* _REQUIRED WORK_
For the records below, output each line exactly as it appears, from the first through the line with "Москва. 24 июля.".

(RECORDED DATA Opens)

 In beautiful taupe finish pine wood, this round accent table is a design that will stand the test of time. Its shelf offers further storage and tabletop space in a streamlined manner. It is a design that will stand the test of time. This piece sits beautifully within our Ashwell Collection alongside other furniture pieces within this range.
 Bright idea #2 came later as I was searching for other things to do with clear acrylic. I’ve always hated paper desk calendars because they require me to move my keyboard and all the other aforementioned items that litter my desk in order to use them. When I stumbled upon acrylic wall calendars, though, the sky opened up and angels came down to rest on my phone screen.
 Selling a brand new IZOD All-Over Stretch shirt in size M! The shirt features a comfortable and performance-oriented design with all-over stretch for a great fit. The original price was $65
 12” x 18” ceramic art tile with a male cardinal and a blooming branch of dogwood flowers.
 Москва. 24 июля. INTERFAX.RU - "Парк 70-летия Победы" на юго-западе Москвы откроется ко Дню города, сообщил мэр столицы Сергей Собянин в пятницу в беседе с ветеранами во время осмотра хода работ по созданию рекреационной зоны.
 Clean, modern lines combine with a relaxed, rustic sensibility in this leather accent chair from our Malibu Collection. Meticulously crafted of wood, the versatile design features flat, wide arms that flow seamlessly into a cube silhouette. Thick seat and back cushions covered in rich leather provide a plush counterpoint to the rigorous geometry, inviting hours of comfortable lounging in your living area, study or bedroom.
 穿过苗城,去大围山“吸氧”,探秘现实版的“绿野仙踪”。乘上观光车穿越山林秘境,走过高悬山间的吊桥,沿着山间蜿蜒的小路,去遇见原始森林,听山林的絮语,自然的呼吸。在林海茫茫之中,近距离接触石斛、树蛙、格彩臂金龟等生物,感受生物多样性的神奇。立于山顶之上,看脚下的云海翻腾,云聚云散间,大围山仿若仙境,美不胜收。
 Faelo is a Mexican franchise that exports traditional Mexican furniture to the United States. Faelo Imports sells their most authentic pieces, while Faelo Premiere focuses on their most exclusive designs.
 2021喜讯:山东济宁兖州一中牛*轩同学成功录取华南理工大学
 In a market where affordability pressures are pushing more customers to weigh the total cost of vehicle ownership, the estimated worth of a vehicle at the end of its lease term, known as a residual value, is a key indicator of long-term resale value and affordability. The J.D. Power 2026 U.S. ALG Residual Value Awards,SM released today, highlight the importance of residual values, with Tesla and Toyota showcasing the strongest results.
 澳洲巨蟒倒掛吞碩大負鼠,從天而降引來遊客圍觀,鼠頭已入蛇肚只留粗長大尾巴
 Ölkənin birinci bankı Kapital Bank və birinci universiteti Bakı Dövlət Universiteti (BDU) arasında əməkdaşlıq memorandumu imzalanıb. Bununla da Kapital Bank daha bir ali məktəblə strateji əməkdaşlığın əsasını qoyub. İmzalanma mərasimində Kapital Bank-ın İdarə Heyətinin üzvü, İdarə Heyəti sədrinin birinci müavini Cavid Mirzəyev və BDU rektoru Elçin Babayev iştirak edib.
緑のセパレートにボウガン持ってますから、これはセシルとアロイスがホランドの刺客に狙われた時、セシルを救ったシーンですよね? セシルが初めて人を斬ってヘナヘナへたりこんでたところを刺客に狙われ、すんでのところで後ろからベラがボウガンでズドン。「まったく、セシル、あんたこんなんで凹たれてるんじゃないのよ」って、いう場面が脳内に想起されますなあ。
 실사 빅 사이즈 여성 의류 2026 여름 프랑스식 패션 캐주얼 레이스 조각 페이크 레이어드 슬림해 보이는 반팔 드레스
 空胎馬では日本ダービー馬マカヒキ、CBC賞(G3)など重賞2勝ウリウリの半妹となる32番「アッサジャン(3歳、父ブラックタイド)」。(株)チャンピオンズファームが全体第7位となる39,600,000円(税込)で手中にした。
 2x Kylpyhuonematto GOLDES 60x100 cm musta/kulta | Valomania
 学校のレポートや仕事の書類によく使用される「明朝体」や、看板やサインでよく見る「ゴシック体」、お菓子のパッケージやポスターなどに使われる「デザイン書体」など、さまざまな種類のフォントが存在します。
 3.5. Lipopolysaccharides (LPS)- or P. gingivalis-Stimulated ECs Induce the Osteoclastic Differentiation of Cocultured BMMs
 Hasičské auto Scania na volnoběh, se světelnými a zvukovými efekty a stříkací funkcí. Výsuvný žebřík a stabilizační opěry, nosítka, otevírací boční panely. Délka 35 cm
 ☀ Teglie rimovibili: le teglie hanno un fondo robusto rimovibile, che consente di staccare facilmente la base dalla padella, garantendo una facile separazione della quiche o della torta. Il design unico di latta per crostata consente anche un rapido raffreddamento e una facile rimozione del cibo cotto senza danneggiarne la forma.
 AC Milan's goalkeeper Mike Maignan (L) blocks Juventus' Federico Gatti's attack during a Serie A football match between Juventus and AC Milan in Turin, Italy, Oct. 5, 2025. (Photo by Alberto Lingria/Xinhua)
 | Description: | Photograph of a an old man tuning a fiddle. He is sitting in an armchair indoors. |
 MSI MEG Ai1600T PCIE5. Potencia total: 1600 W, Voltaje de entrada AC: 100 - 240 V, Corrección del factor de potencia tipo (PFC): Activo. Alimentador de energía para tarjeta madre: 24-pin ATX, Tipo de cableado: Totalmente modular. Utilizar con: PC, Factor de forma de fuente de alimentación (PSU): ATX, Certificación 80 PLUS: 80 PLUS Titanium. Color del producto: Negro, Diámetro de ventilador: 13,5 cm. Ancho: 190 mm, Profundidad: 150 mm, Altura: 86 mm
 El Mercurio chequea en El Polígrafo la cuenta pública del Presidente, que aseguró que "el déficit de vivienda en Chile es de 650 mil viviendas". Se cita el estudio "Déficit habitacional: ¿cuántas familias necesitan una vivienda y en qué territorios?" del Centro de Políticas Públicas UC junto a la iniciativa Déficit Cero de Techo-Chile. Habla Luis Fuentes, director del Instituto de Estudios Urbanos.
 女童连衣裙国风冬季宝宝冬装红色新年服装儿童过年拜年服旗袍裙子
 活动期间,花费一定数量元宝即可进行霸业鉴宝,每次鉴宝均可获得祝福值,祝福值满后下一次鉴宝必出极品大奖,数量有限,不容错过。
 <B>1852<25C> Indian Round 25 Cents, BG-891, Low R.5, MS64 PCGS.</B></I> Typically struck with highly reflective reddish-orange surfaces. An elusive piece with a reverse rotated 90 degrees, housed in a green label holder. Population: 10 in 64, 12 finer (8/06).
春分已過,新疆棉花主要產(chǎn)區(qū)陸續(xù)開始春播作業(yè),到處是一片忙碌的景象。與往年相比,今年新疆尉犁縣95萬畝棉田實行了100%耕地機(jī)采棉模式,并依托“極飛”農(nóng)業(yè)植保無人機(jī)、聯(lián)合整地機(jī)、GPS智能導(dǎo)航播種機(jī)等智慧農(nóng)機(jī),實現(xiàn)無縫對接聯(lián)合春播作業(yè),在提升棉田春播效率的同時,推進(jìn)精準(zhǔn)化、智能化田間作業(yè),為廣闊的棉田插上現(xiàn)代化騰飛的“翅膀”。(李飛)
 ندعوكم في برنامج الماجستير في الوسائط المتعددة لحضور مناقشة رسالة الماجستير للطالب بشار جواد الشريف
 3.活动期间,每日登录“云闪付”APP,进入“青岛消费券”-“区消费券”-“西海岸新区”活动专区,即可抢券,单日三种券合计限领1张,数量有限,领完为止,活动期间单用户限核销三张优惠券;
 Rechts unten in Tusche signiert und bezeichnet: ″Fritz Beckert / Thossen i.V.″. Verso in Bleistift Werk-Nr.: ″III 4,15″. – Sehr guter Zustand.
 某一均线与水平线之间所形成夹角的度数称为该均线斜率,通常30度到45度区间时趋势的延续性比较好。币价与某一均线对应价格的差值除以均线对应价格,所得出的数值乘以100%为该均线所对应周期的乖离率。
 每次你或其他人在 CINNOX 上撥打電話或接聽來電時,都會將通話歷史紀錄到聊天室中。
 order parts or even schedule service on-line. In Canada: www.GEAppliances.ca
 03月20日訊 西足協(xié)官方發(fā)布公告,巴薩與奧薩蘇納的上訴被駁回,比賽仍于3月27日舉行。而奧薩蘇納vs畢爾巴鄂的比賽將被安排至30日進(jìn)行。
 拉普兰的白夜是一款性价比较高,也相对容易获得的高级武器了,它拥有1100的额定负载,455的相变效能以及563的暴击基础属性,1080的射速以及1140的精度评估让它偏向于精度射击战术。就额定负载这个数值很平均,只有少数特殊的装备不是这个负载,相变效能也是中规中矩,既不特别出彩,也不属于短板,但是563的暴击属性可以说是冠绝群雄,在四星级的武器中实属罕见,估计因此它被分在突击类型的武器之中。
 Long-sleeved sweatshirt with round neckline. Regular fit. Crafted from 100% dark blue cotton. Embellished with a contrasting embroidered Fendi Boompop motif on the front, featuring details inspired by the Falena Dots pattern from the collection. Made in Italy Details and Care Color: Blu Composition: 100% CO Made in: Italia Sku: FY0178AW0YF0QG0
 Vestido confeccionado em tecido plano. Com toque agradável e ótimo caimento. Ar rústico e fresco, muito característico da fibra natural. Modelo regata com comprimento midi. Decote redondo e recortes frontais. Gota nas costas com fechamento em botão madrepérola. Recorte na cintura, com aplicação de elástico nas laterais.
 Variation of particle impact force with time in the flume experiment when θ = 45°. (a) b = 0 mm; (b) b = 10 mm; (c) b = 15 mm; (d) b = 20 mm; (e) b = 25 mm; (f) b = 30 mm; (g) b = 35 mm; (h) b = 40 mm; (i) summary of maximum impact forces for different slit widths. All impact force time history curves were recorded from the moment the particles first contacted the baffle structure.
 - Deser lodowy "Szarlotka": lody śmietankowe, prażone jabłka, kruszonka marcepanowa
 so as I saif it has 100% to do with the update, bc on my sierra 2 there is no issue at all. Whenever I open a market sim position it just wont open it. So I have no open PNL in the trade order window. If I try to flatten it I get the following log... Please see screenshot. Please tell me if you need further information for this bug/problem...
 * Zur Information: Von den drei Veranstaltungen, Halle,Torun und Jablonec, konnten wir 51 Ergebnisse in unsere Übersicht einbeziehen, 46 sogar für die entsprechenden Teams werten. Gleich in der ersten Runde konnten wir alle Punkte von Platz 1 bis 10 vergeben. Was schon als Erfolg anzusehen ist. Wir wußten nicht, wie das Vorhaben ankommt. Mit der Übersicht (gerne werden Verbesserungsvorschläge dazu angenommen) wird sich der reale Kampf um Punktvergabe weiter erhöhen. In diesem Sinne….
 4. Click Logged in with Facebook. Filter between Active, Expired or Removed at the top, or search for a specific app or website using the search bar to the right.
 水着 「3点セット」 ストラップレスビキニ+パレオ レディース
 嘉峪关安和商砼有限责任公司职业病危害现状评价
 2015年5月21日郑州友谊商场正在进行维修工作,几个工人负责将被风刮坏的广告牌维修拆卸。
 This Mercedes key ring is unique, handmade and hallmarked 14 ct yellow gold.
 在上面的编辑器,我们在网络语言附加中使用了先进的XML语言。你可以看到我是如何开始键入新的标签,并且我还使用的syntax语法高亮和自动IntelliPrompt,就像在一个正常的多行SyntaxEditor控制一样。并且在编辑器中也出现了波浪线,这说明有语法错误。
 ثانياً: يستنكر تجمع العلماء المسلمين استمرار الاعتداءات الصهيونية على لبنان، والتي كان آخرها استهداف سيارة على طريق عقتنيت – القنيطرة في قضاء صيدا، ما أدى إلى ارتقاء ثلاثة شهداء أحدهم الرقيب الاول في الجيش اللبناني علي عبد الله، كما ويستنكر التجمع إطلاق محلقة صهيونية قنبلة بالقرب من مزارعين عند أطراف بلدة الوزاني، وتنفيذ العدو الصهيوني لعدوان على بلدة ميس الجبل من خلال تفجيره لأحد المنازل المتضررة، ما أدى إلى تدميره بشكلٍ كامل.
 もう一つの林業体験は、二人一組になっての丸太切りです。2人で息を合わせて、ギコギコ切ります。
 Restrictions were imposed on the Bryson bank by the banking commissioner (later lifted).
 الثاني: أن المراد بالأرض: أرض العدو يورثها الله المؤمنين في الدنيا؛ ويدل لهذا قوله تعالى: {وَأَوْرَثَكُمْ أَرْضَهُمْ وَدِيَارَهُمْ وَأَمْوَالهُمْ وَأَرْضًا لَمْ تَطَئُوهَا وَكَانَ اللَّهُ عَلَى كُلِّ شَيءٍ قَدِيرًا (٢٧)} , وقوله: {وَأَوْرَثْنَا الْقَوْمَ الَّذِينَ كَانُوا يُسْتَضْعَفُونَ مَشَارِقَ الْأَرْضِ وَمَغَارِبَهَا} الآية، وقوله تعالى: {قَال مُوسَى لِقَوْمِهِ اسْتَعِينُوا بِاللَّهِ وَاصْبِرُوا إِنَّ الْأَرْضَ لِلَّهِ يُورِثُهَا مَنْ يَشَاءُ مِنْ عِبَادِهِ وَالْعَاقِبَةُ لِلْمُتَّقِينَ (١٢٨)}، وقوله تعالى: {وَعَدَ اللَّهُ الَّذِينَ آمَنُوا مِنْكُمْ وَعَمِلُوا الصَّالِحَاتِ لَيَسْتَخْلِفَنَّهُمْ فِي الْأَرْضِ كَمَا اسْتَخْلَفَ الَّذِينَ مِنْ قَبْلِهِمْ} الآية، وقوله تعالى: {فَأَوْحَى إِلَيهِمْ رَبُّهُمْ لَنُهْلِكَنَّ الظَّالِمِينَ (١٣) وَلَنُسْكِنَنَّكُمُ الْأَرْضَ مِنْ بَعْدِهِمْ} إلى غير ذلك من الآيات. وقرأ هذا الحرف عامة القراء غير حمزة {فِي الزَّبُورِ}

(RECORDED DATA Closes)

* _ANSWER TO THE PROBLEM_
 In beautiful taupe finish pine wood, this round accent table is a design that will stand the test of time. Its shelf offers further storage and tabletop space in a streamlined manner. It is a design that will stand the test of time. This piece sits beautifully within our Ashwell Collection alongside other furniture pieces within this range.
 Bright idea #2 came later as I was searching for other things to do with clear acrylic. I’ve always hated paper desk calendars because they require me to move my keyboard and all the other aforementioned items that litter my desk in order to use them. When I stumbled upon acrylic wall calendars, though, the sky opened up and angels came down to rest on my phone screen.
 Selling a brand new IZOD All-Over Stretch shirt in size M! The shirt features a comfortable and performance-oriented design with all-over stretch for a great fit. The original price was $65
 12” x 18” ceramic art tile with a male cardinal and a blooming branch of dogwood flowers.
 Москва. 24 июля. INTERFAX.RU - "Парк 70-летия Победы" на юго-западе Москвы откроется ко Дню города, сообщил мэр столицы Сергей Собянин в пятницу в беседе с ветеранами во время осмотра хода работ по созданию рекреационной зоны.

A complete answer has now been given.